> Work request: Transcribe the lines below exactly, beginning with the line that holds "73㎡的3房2厅1.5卫,设" and ending with the final line, both included. Pictures are to be left out.

Provided records Start Marker

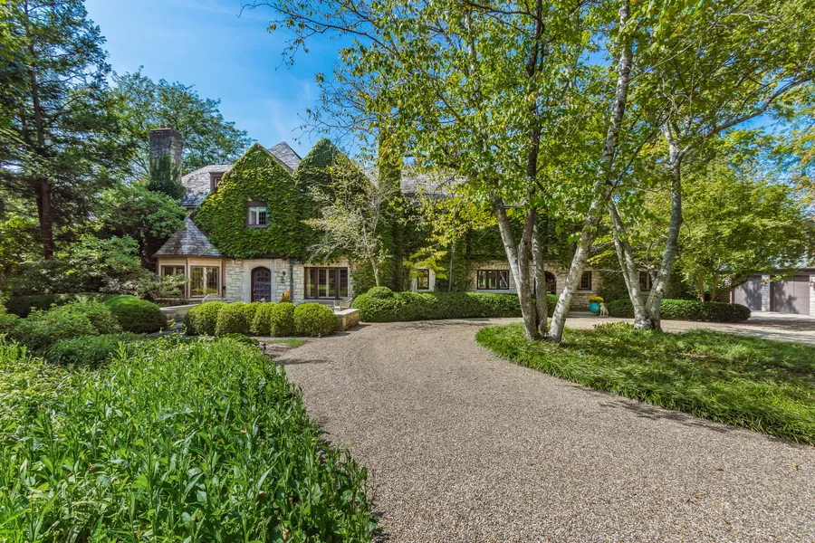 Nobly sequestered on a serene gravel drive, this 2 acre plus property includes abundant tall trees for privacy and impeccably maintained grounds .A large stone patio spans the back of the residence, with a Wisteria covered veranda and built-in barbecue area. Beyond the stone courtyard entry lies this majestic English manor. With 18 rooms, including 7 bedrooms and 7 full and 2 half baths, This home features large rooms, high ceilings and fine Finishes and details. Marble and granite floors, Black Walnut woodwork, oversized pocket doors, beautiful moldings and rounded architectural features illustrate elegance through-out this home.. Baronial primary bedroom suite with a private screened porch overlooking the grounds below. 5 car garages and finished carriage house. Incomparable Estate.
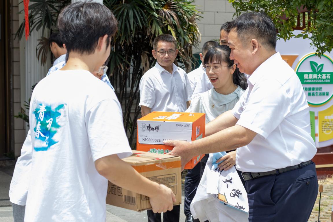最后,赵敏校长与和校团委书记易招娣一同为暑期社会实践队送上慰问品。
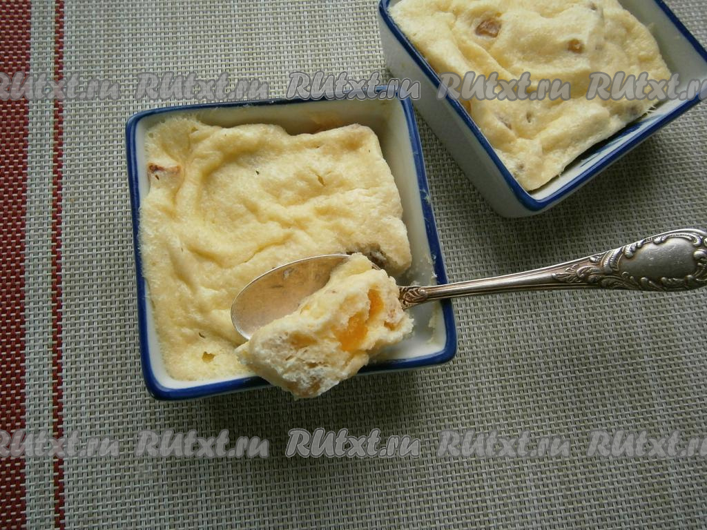Нежный, очень вкусный и ароматный творожный пудинг, приготовленный в микроволновке, лучше подавать в тёплом виде.
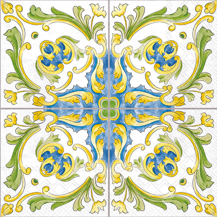 Inspired by classic ceramic tiles, this paper cocktail napkin features hand-painted scrollwork in sapphire blue, fresh green, and sunlit yellow that instantly brightens the bar. Soft yet sturdy, it adds pattern-rich polish to cocktails and small bites, making everyday entertaining feel effortlessly curated. Approximate dimensions are 5 x 5 x 1 inches. German printed on soft, 3-ply paper.
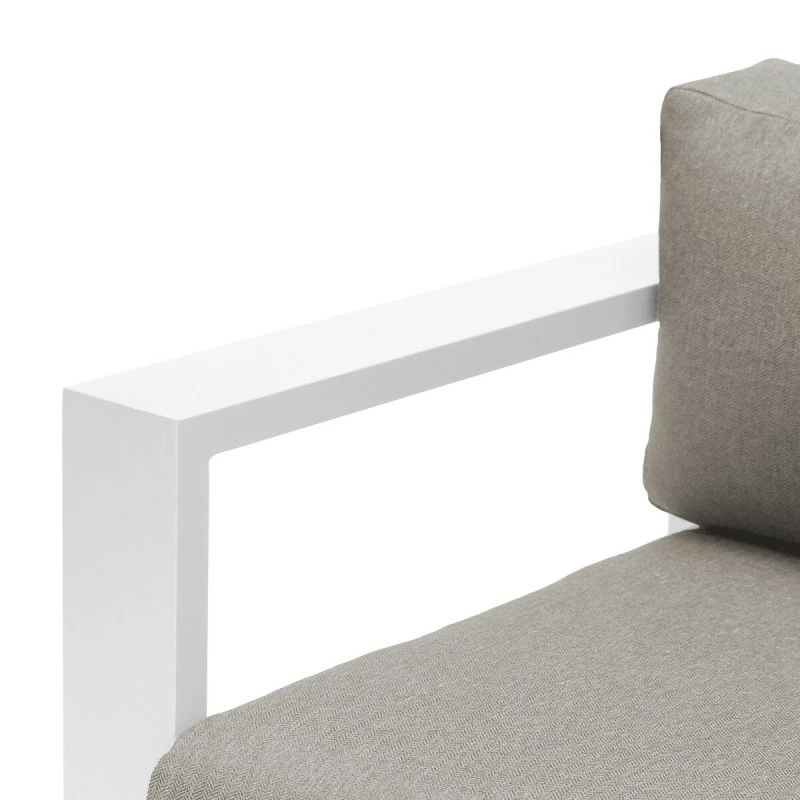La structure est en aluminium traité époxy antirouille. Les coussins polyester 275 g/m² sont déhoussables pour un entretien facile et traités déperlants permettant à l’eau de glisser sans pénétrer dans la matière.
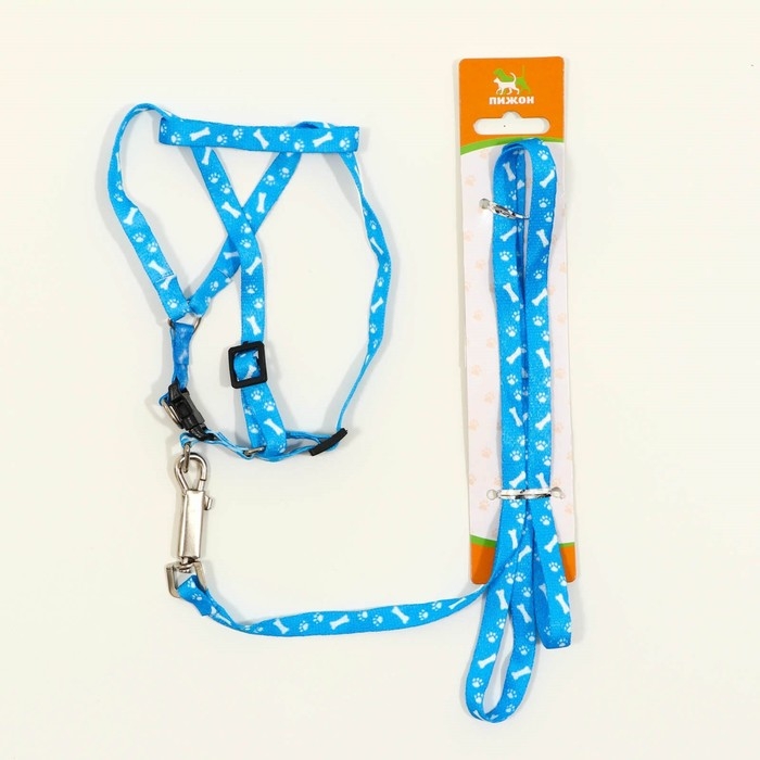 Комплект прогулочный включает в себя яркие шлейку и поводок, изготовленные из качественного капрона с использованием металлической и пластиковой фурнитуры.
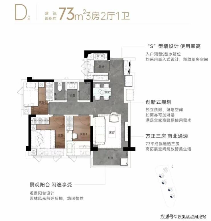 73㎡的3房2厅1.5卫,设计的是竖厅格局,客厅3.1米开间,入户预留S型冰箱位,三开间朝南,U型厨房,创新式卫生间设计,独立洗漱,沐浴空间,如厕也可加沐浴,得房率80.3%(不加飘窗),都是西南朝向。
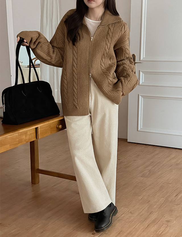 센바 高領 麻花型 2WAY 拉鍊毛衣 85578

Provided records End Marker

> Result for this exercise:
 73㎡的3房2厅1.5卫,设计的是竖厅格局,客厅3.1米开间,入户预留S型冰箱位,三开间朝南,U型厨房,创新式卫生间设计,独立洗漱,沐浴空间,如厕也可加沐浴,得房率80.3%(不加飘窗),都是西南朝向。
 센바 高領 麻花型 2WAY 拉鍊毛衣 85578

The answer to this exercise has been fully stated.